Left: President-elect Donald Trump. Right: Green Party candidate Jill Stein.

Even though Jill Stein has herself admitted that there’s no evidence voting machines in Pennsylvania were hacked, her campaign is slamming President-elect Donald Trump for intervening in her quest to have presidential votes recounted in three states.

In a lengthy statement released today by her campaign, Stein and her team said Trump is “aggressively working to obstruct and weaken recounts demanded by voters” and announced a Monday morning press conference outside Trump Tower in New York. Earlier today, the Trump campaign — in conjunction with the Pennsylvania Republican party and Trump’s electors — filed in Commonwealth Court to dismiss a lawsuit brought by Stein. That lawsuit is likely the only way a statewide recount can take place in Pennsylvania.

Stein is also working to have recounts of the presidential vote done in Michigan and Wisconsin. All three states were won by President-elect Trump, whose campaign has filed in some way to stop recounts in all three states.

In a separate message to supporters, Stein’s campaign wrote: “It seems that the President-elect, who continues to rail about illegal votes, does not want the voters to see the actual totals.”

“Lawyers are expensive and Trump knows it,” the campaign continued. “He is trying to build a wall between the people and free and transparent elections; won’t you please be a brick of resistance.
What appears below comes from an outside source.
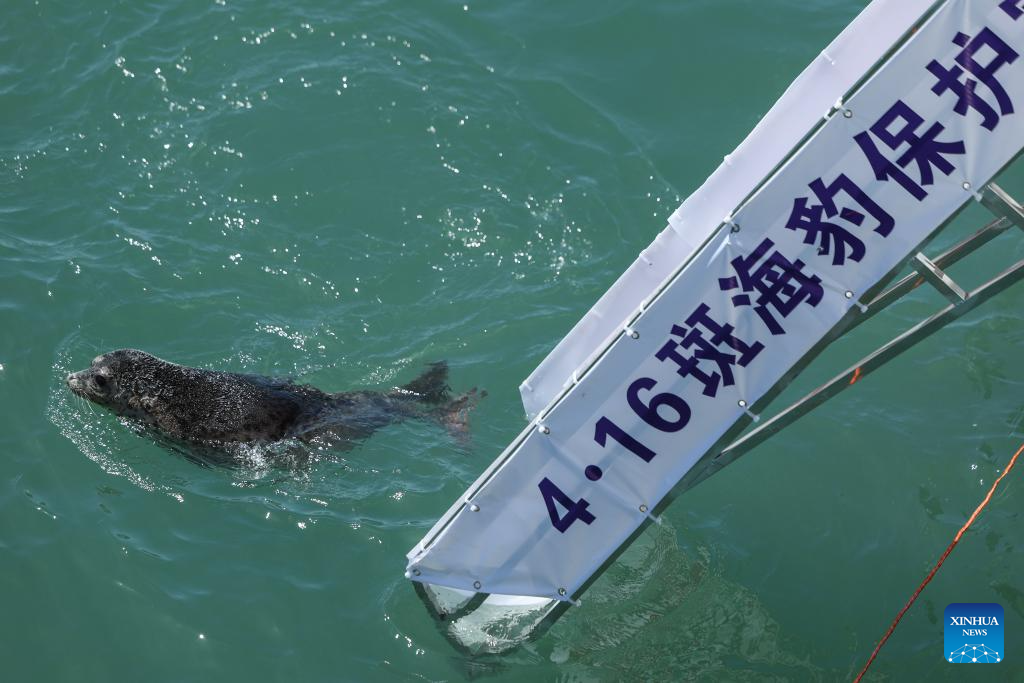 A spotted seal is released into the waters off Dalian, northeast China's Liaoning Province, April 16, 2024. (Xinhua/Pan Yulong)

People in action together and in common cause can penetrate the mightiest walls.”

Trump’s campaign claims a recount in Pennsylvania would cost taxpayers millions of dollars while Stein’s Green Party campaign hasn’t presented any evidence to show probable cause that any sort of voter fraud occurred. In Pennsylvania, a judge would have to find probable cause for such fraud in order to grant a statewide recount, which could cost millions of dollars.

Candidates petitioning for a statewide recount must show probable cause that significant voter fraud occurred in some way. The PA GOP and the Trump campaign contend she hasn’t proven that and won’t prove that, writing in their most recent filing that “petitioners cannot meet these standards by merely alleging a belief that illegality may have occurred… petitioners have done nothing more than put forward a theory — a mere guess — about how illegality may have occurred.”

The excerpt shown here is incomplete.